10:38 am on Jun 29, 2003 (gmt 0)

WebmasterWorld Senior Member 10+ Year Member



Check your logs. I believe the first google deepcrawl in 2 months has started. I'm seeing pages indexed that have never been indexed before. I'm not 100% sure, but 80%. Please confirm

Brett_Tabke

10:49 am on Jun 29, 2003 (gmt 0)

WebmasterWorld Administrator 10+ Year Member Top Contributors Of The Month



Lets just put it this way: 3k views from 64.68.82.XXX.

We don't know what it is really...

MyWifeSays

11:22 am on Jun 29, 2003 (gmt 0)

10+ Year Member



I've been seeing this bot too and it's been coming back to try again for requests that return an error. I don't think the freshbot does this (could be wrong on that though).

It's also been requesting some pages that don't and have never existed which is a bit strange. Any thoughts on this anyone?

I use subdomains for one of my domains and the bot has been asking for index.dom and www.sd.dom which don't exist, it has also got the pages sd.dom that do exist (sd is a range of sub-domain names, dom is my domain).

I've just noticed that this bot is responsible for a cached page which has the fresh date tag from 27th so make of it what you will.

takagi

11:31 am on Jun 29, 2003 (gmt 0)

WebmasterWorld Senior Member 10+ Year Member



If you're asking whether you'll see crawls from the IP range formerly known as deepbot, I would say "probably not." If you're asking whether we'll continue to deeply crawl and index the web, then the answer is "definitely yes."

Hopefully that makes sense. The index that's coming out now was crawled by what people call freshbot. But freshbot can crawl deeply too. It would make more sense for people to rename it deepfreshbot.

(GoogleGuy at msg 20 of Google June 2003 : Update Esmeralda [webmasterworld.com] thread])

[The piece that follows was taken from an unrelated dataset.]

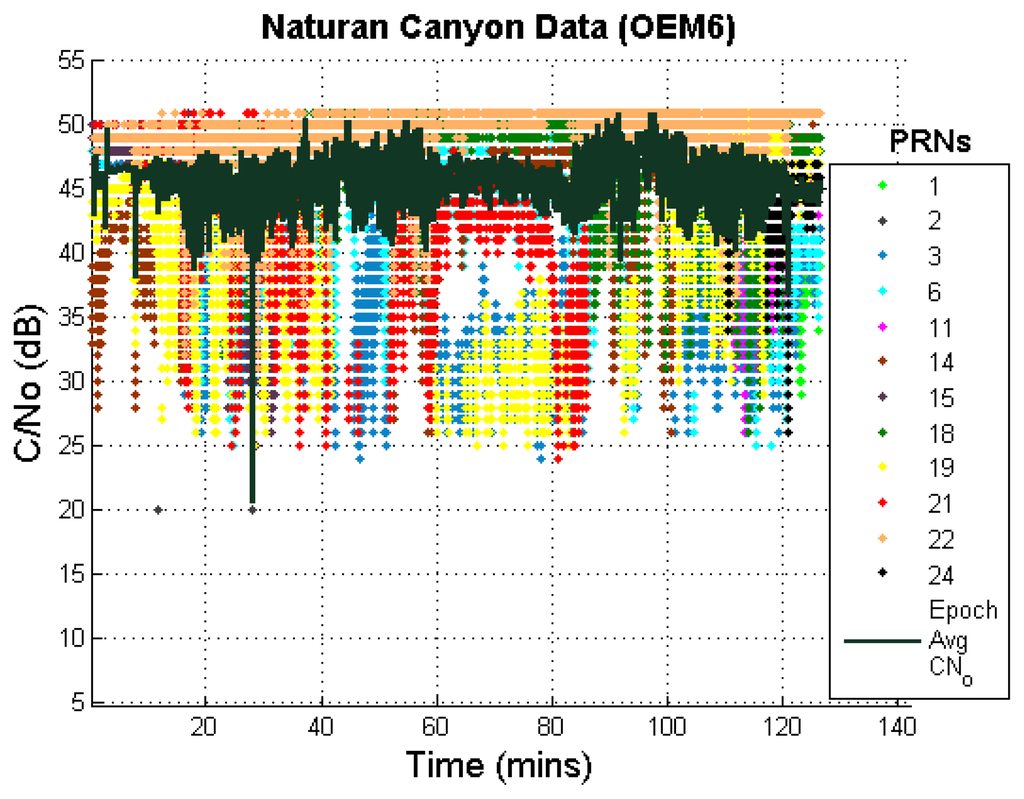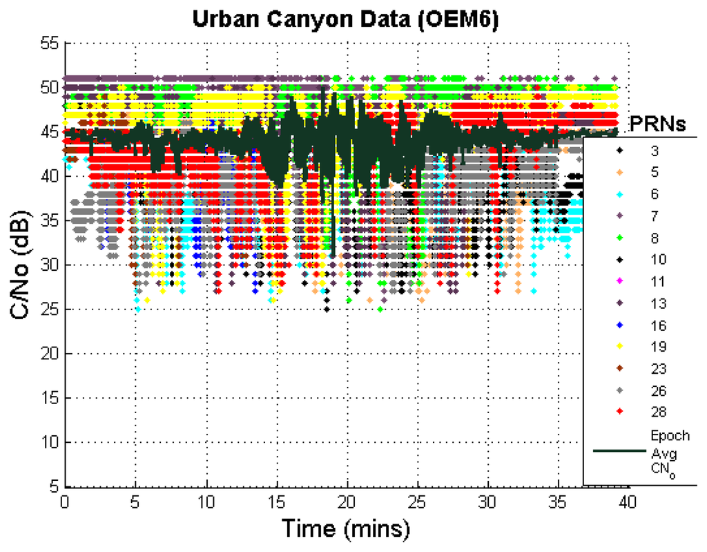 Additionally, the carrier to noise ratios (C/No) of available GNSS measurements are plotted in Figure 9 and show low values for many measurements in the middle section of the test duration. Such low values will result in higher measurement noise. This further shows the limitations of signal conditions in the test environment.

So starting from some 2 weeks ago, the behavior of the bots is different and there is no fresh and deep bot anymore.

Michaeldd

11:52 am on Jun 29, 2003 (gmt 0)

10+ Year Member



I've just noticed that this freshbot has crawled new pages never seen before. Looking good so far, it picked up about 60 extra pages. Keep Going!

Splosh

11:59 am on Jun 29, 2003 (gmt 0)

10+ Year Member



64.68.82.xxx has been to my new site 5 times since the 19th June. It tries to take the robots.txt file, which doesnt exist, and the index page, but nothing else. As yet there is no sign of my new site in G's index, with or without a fresh tag.

pontifex

1:17 pm on Jun 29, 2003 (gmt 0)

WebmasterWorld Senior Member 10+ Year Member



from my point of view:

yes this is kind of a deep crawl, but it is slower than before. this could mean that net is growing faster than the infrastructure of google.
we saw 5-7 pages a second in the earlier deep crawls, today I see a 1 page per minute rate...

regards,
P!

swampy webber

1:26 pm on Jun 29, 2003 (gmt 0)

10+ Year Member



Splosh,

Patience is a virtue. That's the exact same thing I was seeing but now I am seeing what everyone else here is reporting (or at least I was yesterday)

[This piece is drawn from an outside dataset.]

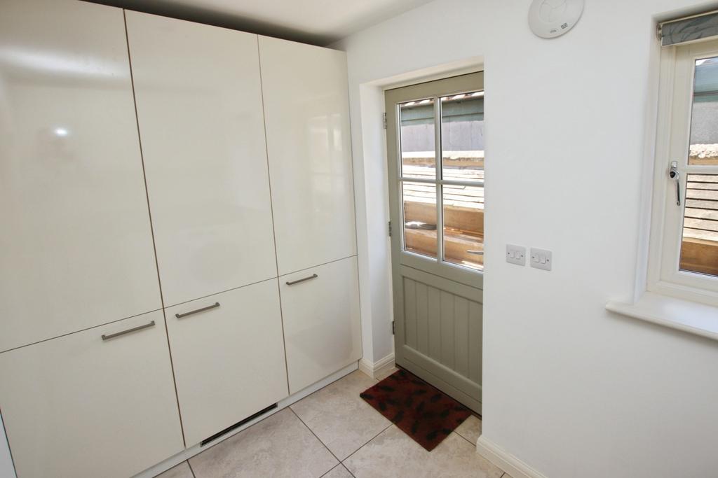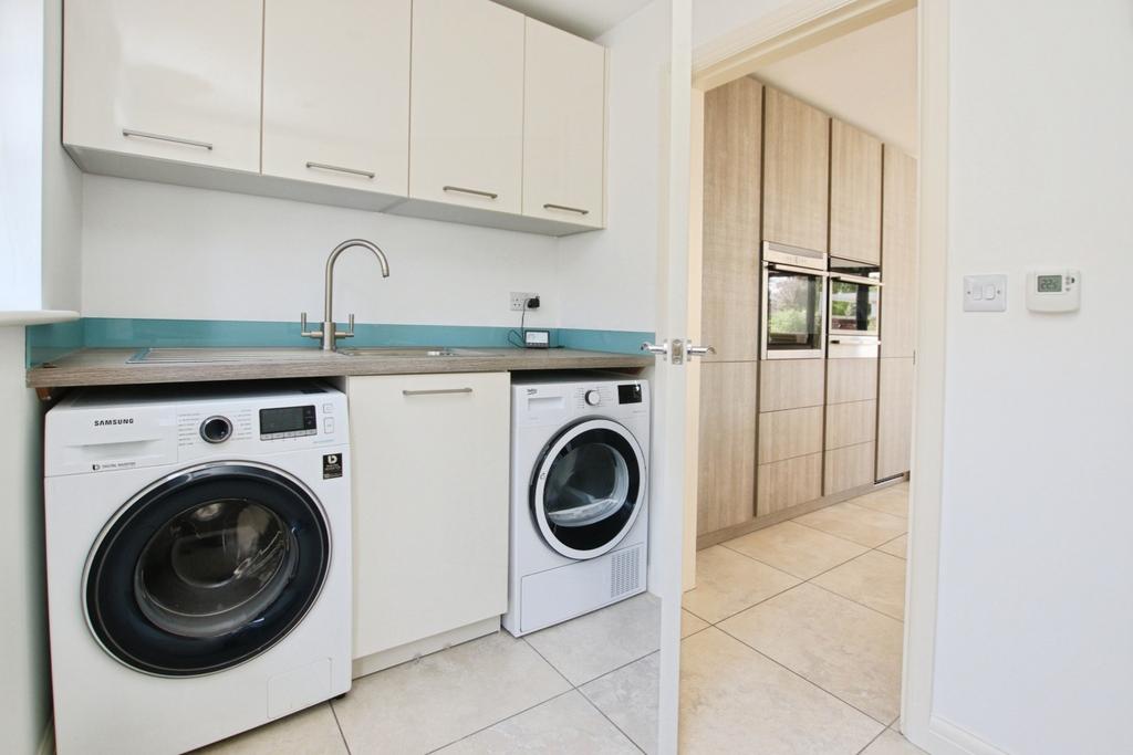 Tiled flooring continues into the utility, which includes a full-length integrated freezer, space and plumbing for washing machine and separate dryer, sink with drainer, wall and base units, and back door to the garden.

Freshbot IP (at least that's what it use to be) grabbing hundreds of pages. But, I must agree that it is a slow rate. Same as others mentioned - about 1 page every minute or two.

Clark

1:28 pm on Jun 29, 2003 (gmt 0)

WebmasterWorld Senior Member 10+ Year Member



I was getting a page every 1-2 seconds...but now it's intermittent. Maybe there's some truth to that continuous rolling update thread?

Dolemite

1:37 pm on Jun 29, 2003 (gmt 0)

10+ Year Member



yes this is kind of a deep crawl, but it is slower than before. this could mean that net is growing faster than the infrastructure of google.

Doubtful. More boxes & bandwidth are cheaper than losing competitive advantages, especially come IPO time. Remember, this is a company bringing in hundreds of million of revenue per year with very low overhead. Read some of the MS papers. They're crawling a good portion of the visible web with a very modest cluster of boxes. Crawling is very unlikely to become a limitation.

From "Mercator: A Scalable, Extensible Web Crawler" [research.compaq.com]:

Our production crawling machine is a Digital Ultimate Workstation with two 533 MHz Alpha processors, 2 GB of RAM, 118 GB of local disk, and a 100 Mbit/sec FDDI connection to the Internet. We run Mercator under srcjava, a Java runtime developed at our lab [10]. Running on this platform, a Mercator crawl run in May 1999 made 77.4 million HTTP requests in 8 days, achieving an average download rate of 112 documents/sec and 1,682 KB/sec.

These numbers indicate that Mercator's performance compares favorably with that of the Google and the Internet Archive crawlers. The Google crawler is reported to have issued 26 million HTTP requests over 9 days, averaging 33.5 docs/sec and 200 KB/sec [4]. This crawl was performed using four machines running crawler processes, and at least one more machine running the other processes. The Internet Archive crawler, which also uses multiple crawler machines, is reported to fetch 4 million HTML docs/day, the average HTML page being 5KB [21]. This download rate is equivalent to 46.3 HTML docs/sec and 231 KB/sec. It is worth noting that Mercator fetches not only HTML pages, but documents of all other MIME types as well. This effect more than doubles the size of the average document downloaded by Mercator as compared to the other crawlers.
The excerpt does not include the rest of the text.